> _The problem_: The whole listing, apart from its images, should be restated word for word.

> _Dataset section_:
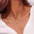 A sparkling talisman that moves with you. Five delicate evil eye motifs, each centered with a luminous round white stone, are linked to form a subtle smile shape along a fine gold chain. Designed to symbolize protection and balance, this necklace layers beautifully or shines solo.
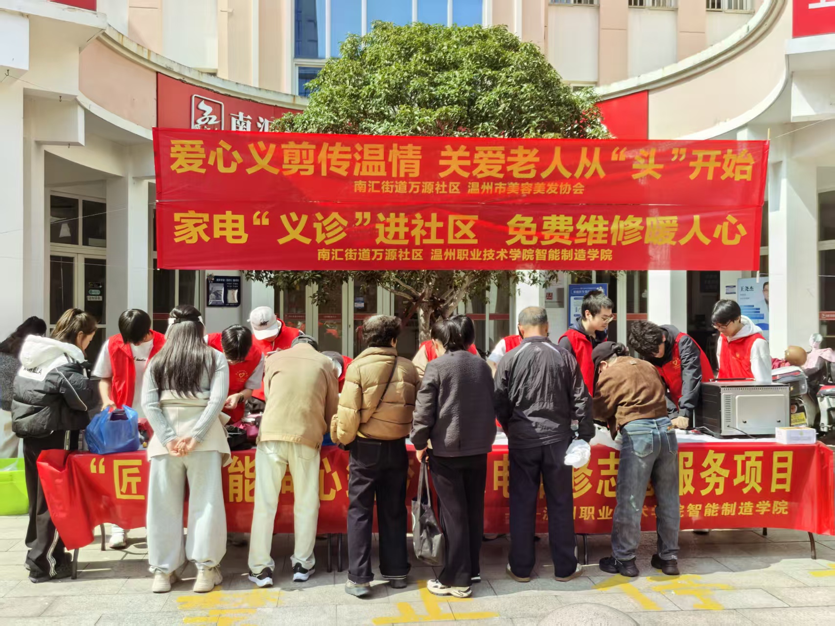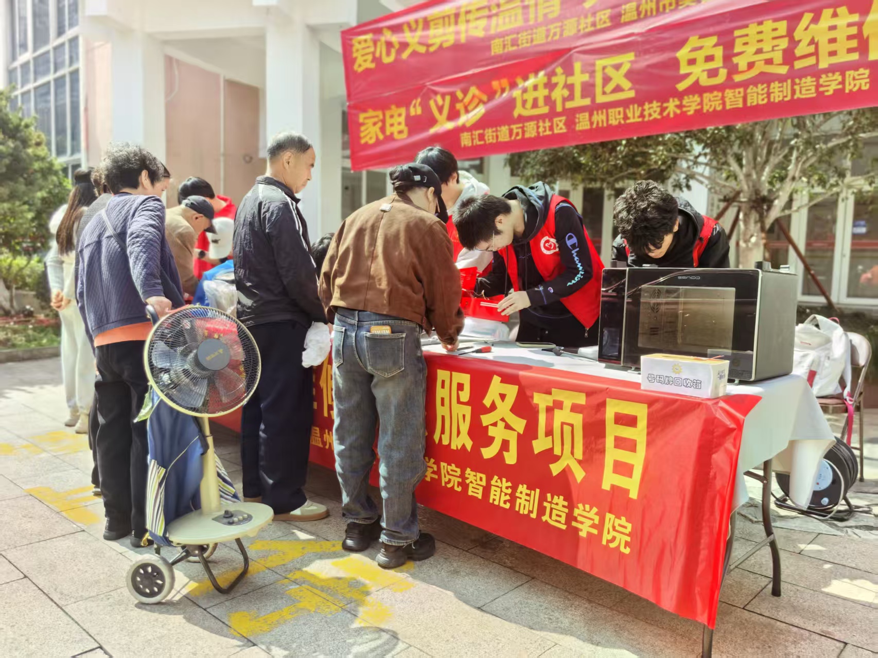 万源社区小家电公益维修服务活动暖民心 为聚焦辖区居民日常生活所需,弘扬志愿服务精神,推动便民服务精准落地,社区精心组织免费家电维修活动,把贴心服务送到居民家门口。3月25日下午,上田小区22幢一楼的万源社区党群服务中心内暖意融融,一场以“让闲置重生,为生活省电”为主题的小家电公益维修服务在此顺利开展。活动吸引了众多社区居民携家电前来参与,现场秩序井然、人气十足。 本次服务于13:30准时启动,来自温州职业技术学院智能制造学院专业志愿者团队早早就位,为居民提供免费维修支持。针对居民带来的电饭煲、电风扇、电水壶等常见小家电,志愿者们耐心排查故障、细致拆解检修,凭借扎实的专业技能和认真负责的态度,高效完成维修工作。对于无法修复的家电,志愿者也贴心告知原因,并给出合理的处理建议,真正做到“应尽尽修”。 活动现场,居民们有序排队等待,不少人趁着维修间隙与志愿者交流家电日常保养知识。“家里这个风扇坏了好久,扔了可惜,修修又能接着用,太感谢社区了!”一位居民拿着修好的家电,脸上满是喜悦。此次公益维修不仅为居民解决了生活小烦恼,更让闲置家电重新发挥价值,践行了绿色低碳的生活理念。
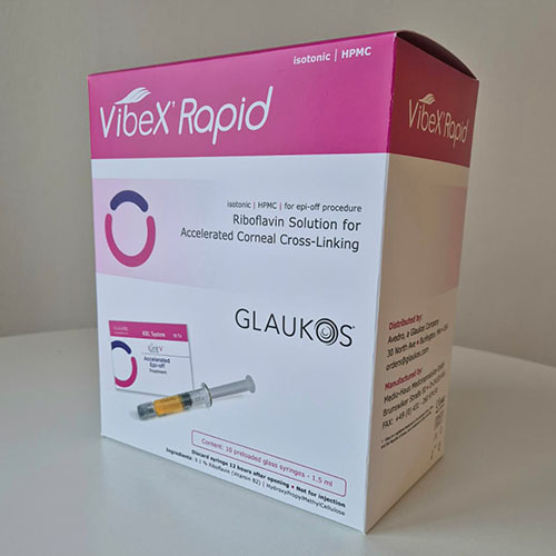 VibeX Rapid on markkinoiden nopein riboflaviini. Tiputusaika puolet normaalista eli vain 15 minuuttia. Ei sisällä dextrania, joten ei pienennä sarveiskalvon paksuutta. Imeytetään sarveiskalvolle epiteelin poiston jälkeen ja sarveiskalvo altistetaan KXL-laitteella UVA-valolle. Saatavana myös PiXL versiona paksummalle sarveiskalvolle. Toimenpide: kiihdytetty crosslinking keratoconuksen tai sarveiskalvon ectasian hoitoon. 0,1 % riboflaviini, saline, HPMC. Esiladattu ruisku. 10 x 1,5 ml.

> _Response for this exercise_:
 A sparkling talisman that moves with you. Five delicate evil eye motifs, each centered with a luminous round white stone, are linked to form a subtle smile shape along a fine gold chain. Designed to symbolize protection and balance, this necklace layers beautifully or shines solo.
 万源社区小家电公益维修服务活动暖民心 为聚焦辖区居民日常生活所需,弘扬志愿服务精神,推动便民服务精准落地,社区精心组织免费家电维修活动,把贴心服务送到居民家门口。3月25日下午,上田小区22幢一楼的万源社区党群服务中心内暖意融融,一场以“让闲置重生,为生活省电”为主题的小家电公益维修服务在此顺利开展。活动吸引了众多社区居民携家电前来参与,现场秩序井然、人气十足。 本次服务于13:30准时启动,来自温州职业技术学院智能制造学院专业志愿者团队早早就位,为居民提供免费维修支持。针对居民带来的电饭煲、电风扇、电水壶等常见小家电,志愿者们耐心排查故障、细致拆解检修,凭借扎实的专业技能和认真负责的态度,高效完成维修工作。对于无法修复的家电,志愿者也贴心告知原因,并给出合理的处理建议,真正做到“应尽尽修”。 活动现场,居民们有序排队等待,不少人趁着维修间隙与志愿者交流家电日常保养知识。“家里这个风扇坏了好久,扔了可惜,修修又能接着用,太感谢社区了!”一位居民拿着修好的家电,脸上满是喜悦。此次公益维修不仅为居民解决了生活小烦恼,更让闲置家电重新发挥价值,践行了绿色低碳的生活理念。
 VibeX Rapid on markkinoiden nopein riboflaviini. Tiputusaika puolet normaalista eli vain 15 minuuttia. Ei sisällä dextrania, joten ei pienennä sarveiskalvon paksuutta. Imeytetään sarveiskalvolle epiteelin poiston jälkeen ja sarveiskalvo altistetaan KXL-laitteella UVA-valolle. Saatavana myös PiXL versiona paksummalle sarveiskalvolle. Toimenpide: kiihdytetty crosslinking keratoconuksen tai sarveiskalvon ectasian hoitoon. 0,1 % riboflaviini, saline, HPMC. Esiladattu ruisku. 10 x 1,5 ml.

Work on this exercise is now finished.